The Byers appeal in The Sunday Telegraph was viewed by the newspaper as a political bomb detonated under Blair's likely successor finance minister Gordon Brown, who it believes would oppose such a move.
"Inheritance tax should be abolished," wrote Byers, a former transport secretary.
Byers said the controversial tax, levied on all estates worth more than 285,000 pounds (418,000 euros or 536,000 dollars), was "a penalty on hard work, thrift and enterprise."
He warned that soaring house prices threatened to bring millions more within the "net" of inheritance tax, which was designed to target the very wealthy rather than ordinary families.
Scrapping inheritance tax would enable Blair's successor to show that New Labour's middle class electors had not been forgotten, he added.
"We know that Tony Blair will stand down at some stage before the next election," he wrote.
"The danger for Labour in electoral terms has always been that when he departs from Downing Street voters will feel that the pragmatic and modernising approach of New Labour has gone with him.
"The challenge for his successor is to demonstrate that this is not the case and to show that they are in touch with the British people.
The abolition of inheritance tax "would show that New Labour is prepared to look again at the tax system to ensure that it is grounded in fairness and reflects the modern world in which we live," he said.
Byers also suggested rises in "green" taxes to fund the move.
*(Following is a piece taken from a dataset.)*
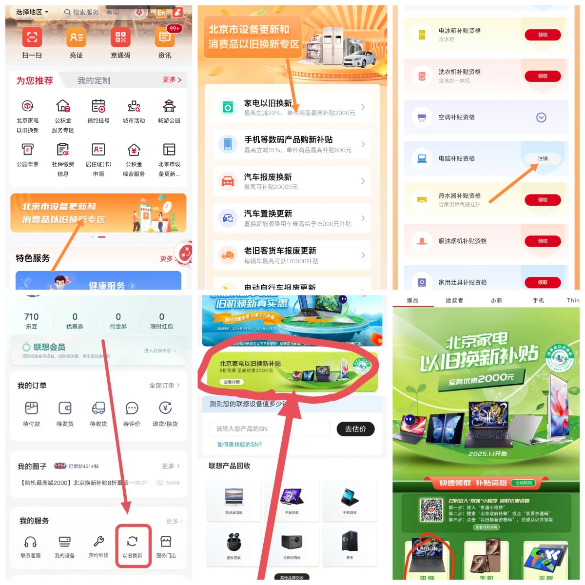 人人能领80~200第一步用微信打开京通进去登录了  第二步用幻影分身把自己的微信地址改到北京(北京任意地方)然后再用分身微信进入京通里面有个北京以旧换新活动 点击领取家电里面的电脑卷复制卷码  第三步下载联想然后去绑定自己的卷 去闲鱼然后挂京通联想卷一般都是80以上  低于80别卖市场价现在150左右一张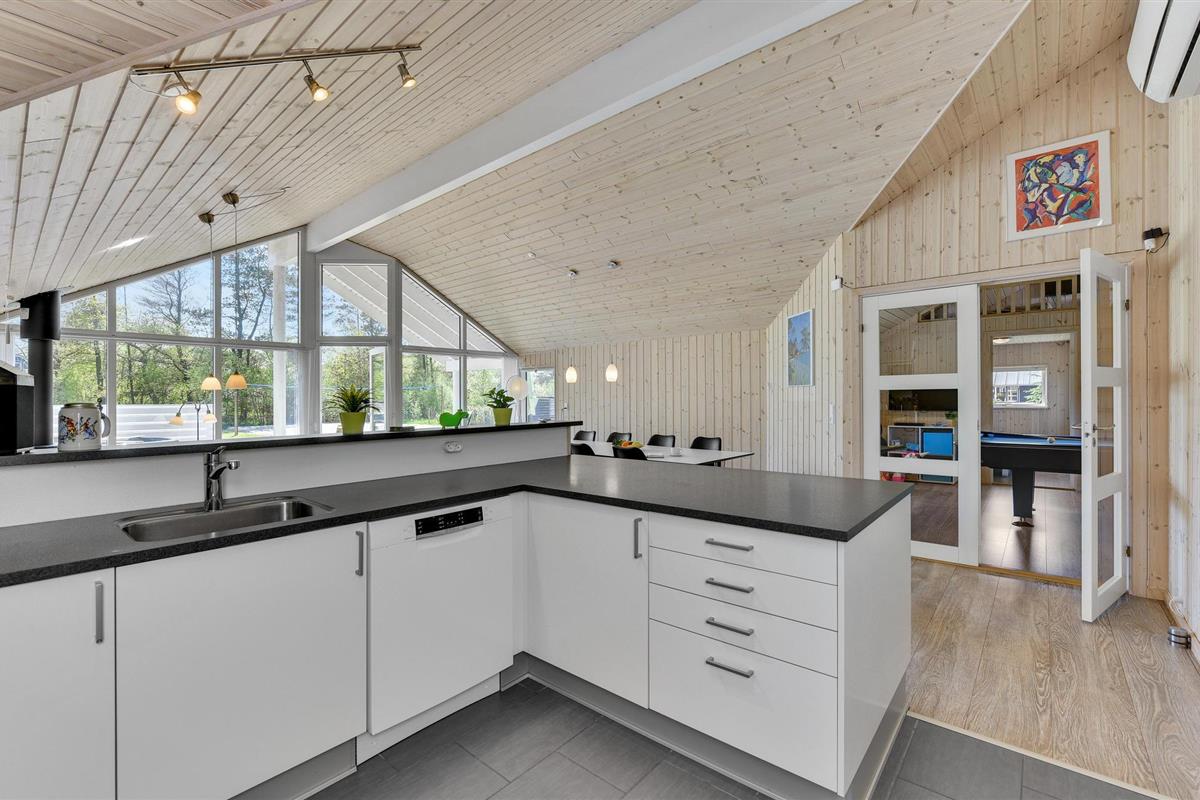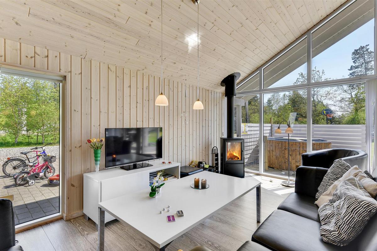 Het vakantiehuis ligt op een heel mooi natuurgebied in Houstrup. Een korte wandeling brengt je naar het SeaWest zwembad. Er zijn veel mooie natuurpaden in de omgeving. Er is een trolley geïnstalleerd op de oude spoorlijn, dus vergeet je picknickmand niet tijdens een uitstapje.

The Treasury estimates that inheritance tax will raise 3.6 billion pounds in the current financial year.
The number of people who have been forced to pay inheritance tax has more than doubled since 1997, leading to charges that the government has used it as a "stealth" tax.
Some 37,000 paid the tax last year, up from 18,000 in the year Labour came to power, according to government figures.
A spokesperson at Brown's department of the treasury insisted that inheritance tax was "fair" and that an 18 pence increase on gasoline duty would be necessary to plug the gap left by its abolition.
A Treasury source played down Byers' importance, dismissing him as a junior member of parliament.